Copy exactly the lines of the data below that run from the line holding "KanonBabys おむつケーキ 男の子" through the line holding "左轮冲锋是一款是一款休闲射击", both ends included.

START RECORDS SHOWN

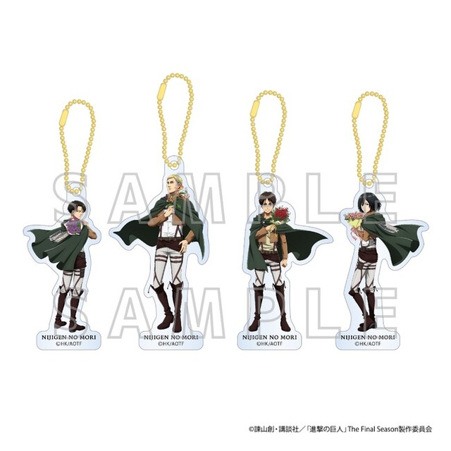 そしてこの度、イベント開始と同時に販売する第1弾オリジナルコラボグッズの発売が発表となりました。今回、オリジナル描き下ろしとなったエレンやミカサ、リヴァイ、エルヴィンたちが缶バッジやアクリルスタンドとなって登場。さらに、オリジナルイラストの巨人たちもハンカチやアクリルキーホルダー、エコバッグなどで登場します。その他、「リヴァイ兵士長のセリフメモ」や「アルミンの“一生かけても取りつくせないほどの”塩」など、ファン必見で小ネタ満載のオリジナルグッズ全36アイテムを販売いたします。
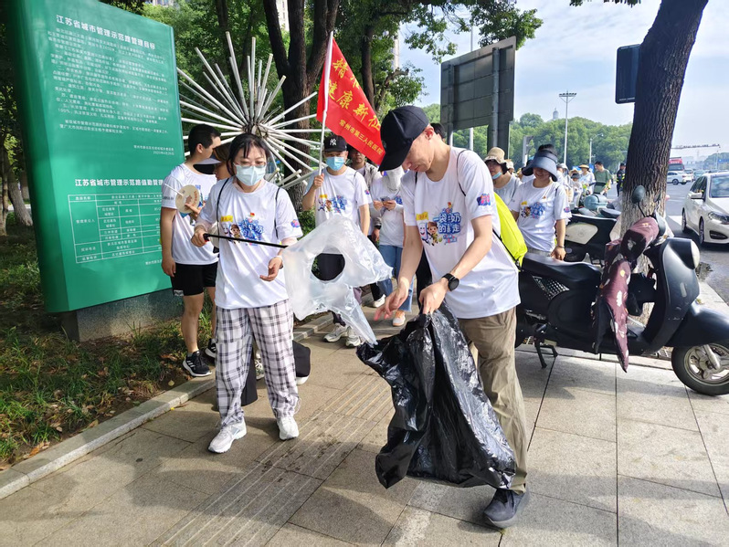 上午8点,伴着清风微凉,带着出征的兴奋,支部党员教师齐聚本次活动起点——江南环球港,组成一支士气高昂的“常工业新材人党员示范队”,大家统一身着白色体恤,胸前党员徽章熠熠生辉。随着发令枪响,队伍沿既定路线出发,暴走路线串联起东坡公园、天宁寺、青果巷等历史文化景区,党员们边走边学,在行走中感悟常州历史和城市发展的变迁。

END RECORDS SHOWN
START RECORDS SHOWN

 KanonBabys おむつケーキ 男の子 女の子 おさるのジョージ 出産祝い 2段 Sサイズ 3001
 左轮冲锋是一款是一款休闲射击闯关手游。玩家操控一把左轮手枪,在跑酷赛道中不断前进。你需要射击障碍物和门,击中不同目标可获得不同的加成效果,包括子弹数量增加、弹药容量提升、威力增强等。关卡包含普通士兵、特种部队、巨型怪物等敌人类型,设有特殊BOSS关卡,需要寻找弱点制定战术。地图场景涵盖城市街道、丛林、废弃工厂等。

END RECORDS SHOWN

SOLUTION TO THIS PROBLEM:
 KanonBabys おむつケーキ 男の子 女の子 おさるのジョージ 出産祝い 2段 Sサイズ 3001
 左轮冲锋是一款是一款休闲射击闯关手游。玩家操控一把左轮手枪,在跑酷赛道中不断前进。你需要射击障碍物和门,击中不同目标可获得不同的加成效果,包括子弹数量增加、弹药容量提升、威力增强等。关卡包含普通士兵、特种部队、巨型怪物等敌人类型,设有特殊BOSS关卡,需要寻找弱点制定战术。地图场景涵盖城市街道、丛林、废弃工厂等。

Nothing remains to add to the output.